Elizabeth Dyer liked the dead,
preferred
them to most living people. But right now, she began to feel uneasy.

The light suddenly sputtered out and the shadows expanded. Elizabeth spotted something out of the corner of her eye, just over her shoulder. Her heart went cold. The air continued hissing out of the open locker; it was as if someone were standing behind her, moving along as she walked. She felt dread course through her, and her heart began to beat violently.

“Who’s there?” she said in a low voice.

The light flicked back to life, and Elizabeth turned, her hand rising up to push the thing away.

A black plastic coat hung on one of the poles next to the examination table.

Claude. She was going to ream him several new orifices. He was supposed to collect the examination coats at the end of each day, but this one he’d left hanging on its hook. The lazy bastard.

Her heartbeat slowly returned to normal.

But how did the locker get open?

She stared for a moment at 12B, the whisper of wind coming through the gap.

She was reaching to pull it open fully when she heard the van’s engine growling near the middle window. She looked up and saw a shadow fall across the glass, and then the engine cut and two male voices struck up a conversation.

They were back. Claude and Jimmy.

Their voices gave her a little jolt of adrenaline. Afraid in her own workplace? Seeing ghosts in the corners? She didn’t want them seeing her spooked. She shoved 12B completely shut, the
chunk
sound ringing in the room and hanging there.

Elizabeth strode back to her office and shut the door. She sat down at her desk and picked up
Us
magazine again. Despite her dim view of humanity, despite her loneliness and the fact that she had no friends who she could call and gossip about what Catherine Zeta-Jones was wearing—a green-and-black suit that she thought was
hideous
—she liked to save the beautiful pictures in the front of the magazine for last. It was like a little journey she took every week, from the public humiliations of the back pages through the ads for lonely people who sought salvation in a celebrity magazine, through the drug binges and sad dramas of the middle, until you finally stopped reading and just looked at gorgeous women splashing through the surf in St. Barts or the South of France.

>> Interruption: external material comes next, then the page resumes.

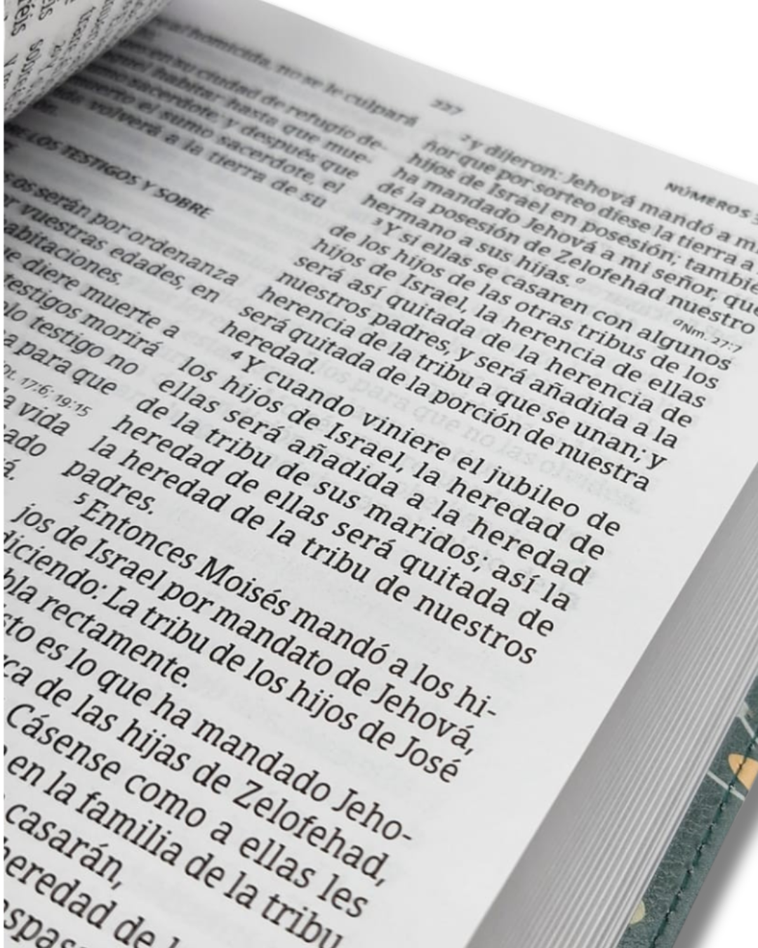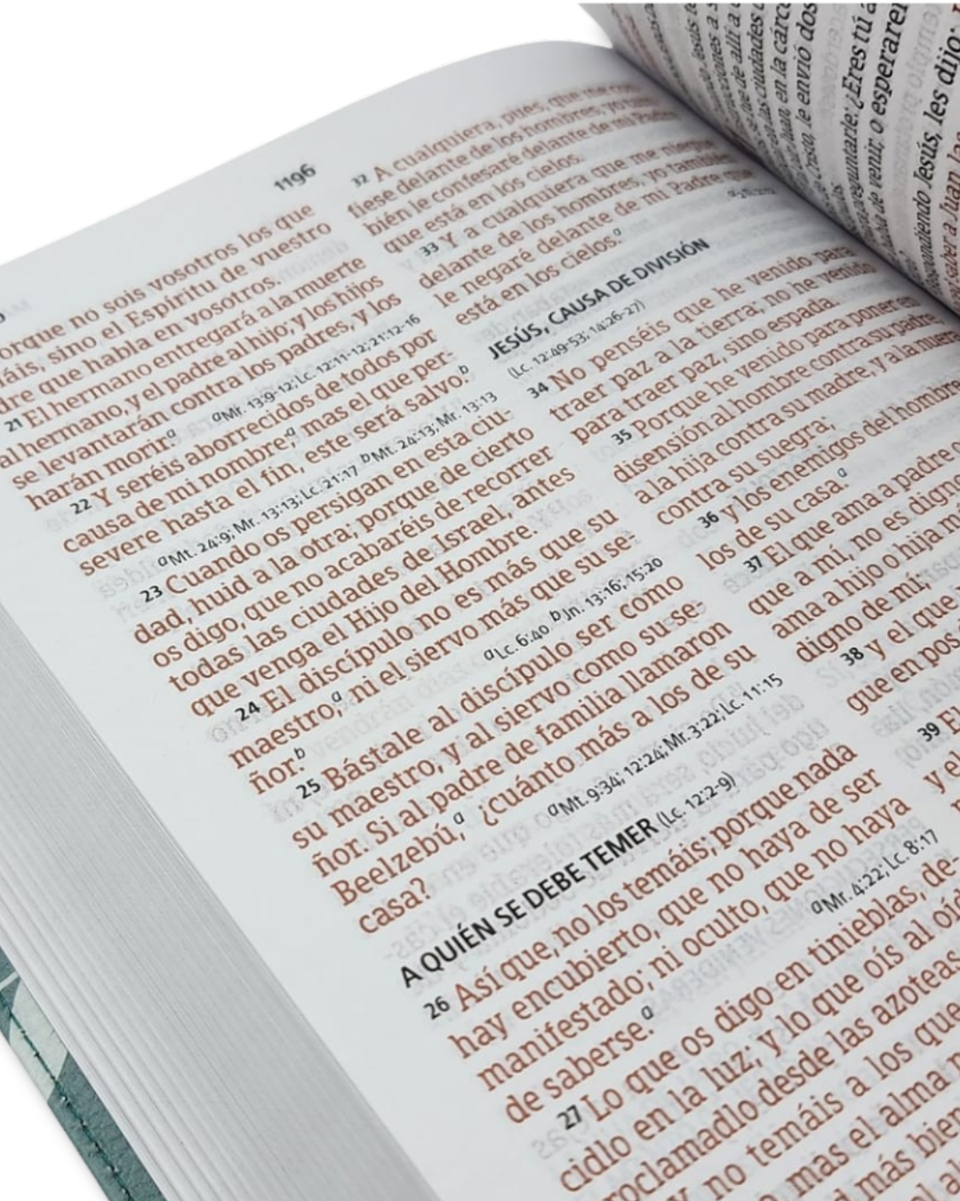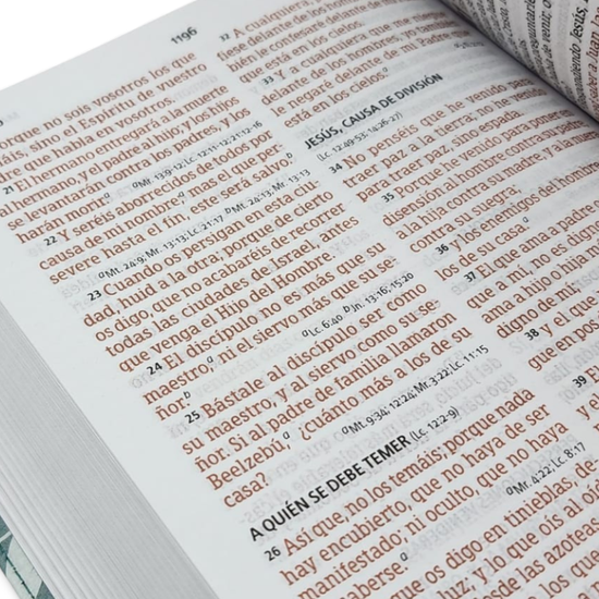 En sus contenidos encontrarás recursos que enriquecen el estudio y la devoción: referencias en cadena para conectar pasajes, introducciones y bosquejos de cada libro que orientan la lectura, armonía de los Evangelios y atributos de Jesús que profundizan en su persona. Además, incluye plan de lectura y mensajes de aliento para el diario vivir, así como mapas a todo color que sitúan históricamente las narrativas bíblicas, todo pensado para acercar la Escritura a la vida cotidiana.

Elizabeth Dyer liked to end there. Gave you some hope.

Jimmy Stearns, the morgue assistant, knocked sharply on Elizabeth Dyer’s door and watched a shape—warped by the frosted, uneven glass—rise from the desk.

Elizabeth pulled the door open.

“Everything okay?” Jimmy said.

“Yes, Jimmy. Thank you.”

“Claude heard a loud noise, like a door slamming.”

Elizabeth’s thin lips worked. “Everything’s fine,” she snapped. “Why don’t you tell Claude to worry about his duties? Like taking care of that coat.”

Jimmy followed the woman’s spindly finger and spotted the coat. “I’ll get it.”

“No, Jimmy, it’s Claude’s job. Please let him do it.”

“I’d rather just get it done,” he said quietly. “Anyway, we got the body from the old folks’ home. Dr. Hobart’s in the parking lot. He’s going to do the autopsy on Walter Prescott now. He asked if the body was ready.”